These Marathon Runners Didn't Let Chronic Liver Disease Slow Them Down

Just shy of her 40th birthday, Robin Turner was diagnosed with a rare form of incurable liver disease called primary biliary cholangitis (PBC). 

Turner, now 43, didn’t let the diagnosis get in the way of her active lifestyle. She has been an avid runner for over a decade, and recently beat her personal record in the Chicago Marathon as the chair of the American Liver Foundation’s team.

Liver disease affects more than 100 million Americans, but those with rare liver diseases may go on for years without a diagnosis.

“When people think of liver disease, they always think of alcoholic or fatty liver disease. But some liver diseases present themselves at birth or they can be autoimmune related, like mine,” Turner said.

PBC, previously known as primary biliary cirrhosis, is an autoimmune disease that can cause inflammation and destruction of the bile ducts, potentially leading to impaired liver function and scarring.

"I really thought that I wasn’t going to have much time. It’s a liver disease that has no cure," Turner said.

Scientists don't know what causes PBC, but it might be related to genes of environmental triggers, according to Gideon Hirschfield, PhD, a professor of medicine specializing in autoimmune liver disease at the University of Toronto.

"Largely, people can't stop themselves from getting PBC. It just happens," Hirschfield told Verywell.

Changing estrogen levels might play a role in the development of PBC since this disease is most common in women between the ages of 45 and 65, he explained, but more research is needed to fully understand this link.

"It's important that we diagnose it and important that we treat it," Hirschfield said. "If we don't, it can lead to scarring of the liver, which is cirrhosis, and then all the complications that come with cirrhosis."

In addition, Hirschfield encourages patients with an early PBC diagnosis to adopt certain lifestyle behaviors, such as drinking only in moderation, exercising, eating a nutritious diet full of fruits and vegetables, and not smoking.

After receiving her diagnosis, Turner started treatment immediately and found some relief for her symptoms. While her medications helped slow the progression of the disease, she limited her salt and alcohol intake and focused on reducing her stress levels.

Connecting with support groups has helped Turner cope with her liver disease. Through a mutual running friend, Turner met Jessica Chipkin-Klein, another marathon runner who was diagnosed with Wilson's disease—a genetic disorder that results in excessive buildup of copper in the body.

Before receiving her diagnosis at 21 years old, Chipkin-Klein had a variety of symptoms, including lethargy, anxiety, and vomiting. She received a liver transplant shortly after her diagnosis.

Lisa Ganjhu, DO, a hepatologist at NYU Langone Health and clinical associate professor at NYU School of Medicine, said Wilson's disease can be difficult to diagnose and it's rarely picked up at a screening unless the patient has a family history of the disease.

"There are a lot of other things that present before the actual liver failure itself," Ganjhu told Verywell.

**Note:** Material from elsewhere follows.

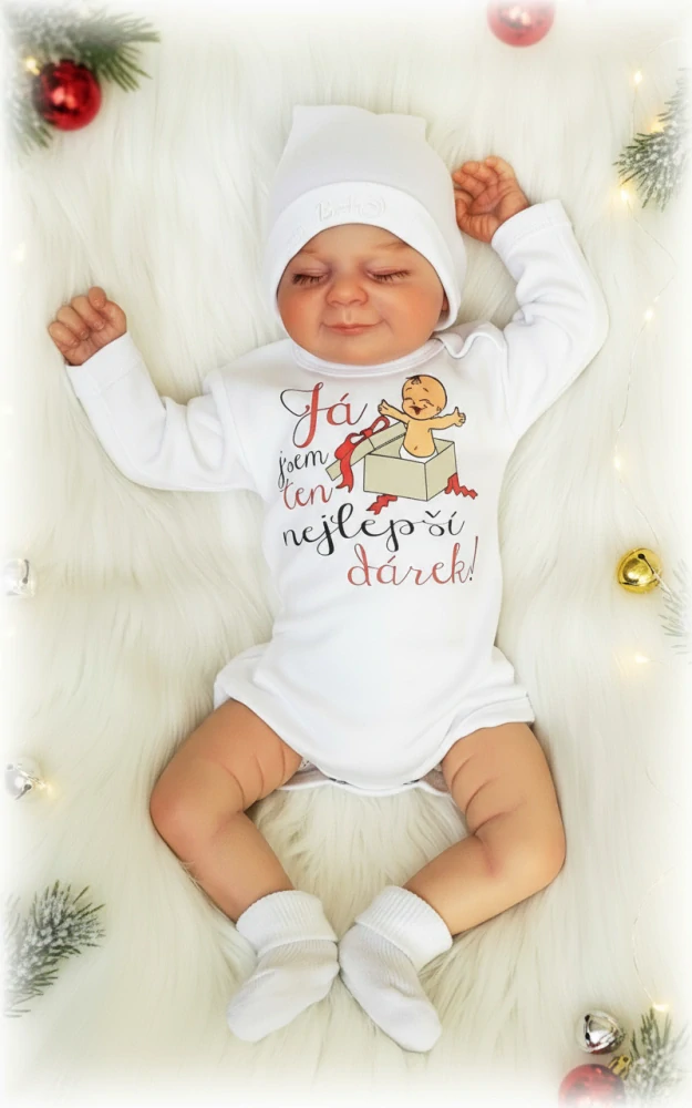 - Kojenecké body s nápisem Já jsem ten nejlepší dárek bílé

Specifically, neurologic symptoms and behavioral changes are often seen in patients with Wilson's disease before liver-related symptoms.

While there's no known cure for PBC or Wilson's disease, experts say getting an early diagnosis can significantly improve outcomes.

According to Hirschfield, treatment for Wilson's disease is quite effective and medications can help reduce copper absorption through urine excretion. Patients are also generally advised to have low copper diets, such as avoiding chocolate and seafood.

Turner and Chipkin-Klein are both active members of the liver disease community and they run together sometimes.

Chipkin-Klein said she will be running the New York City Marathon for the fourth time this year. She's now a mentor for other liver disease patients after receiving her liver transplant in 2005. While she no longer experiences symptoms related to Wilson's disease, she's still on daily medications to make sure her body doesn't reject the transplanted liver.

"Because there are so many things you cannot prevent, like this disease I was born with," Chipkin-Klein said. "I try very hard to live a healthy, balanced life mentally and physically."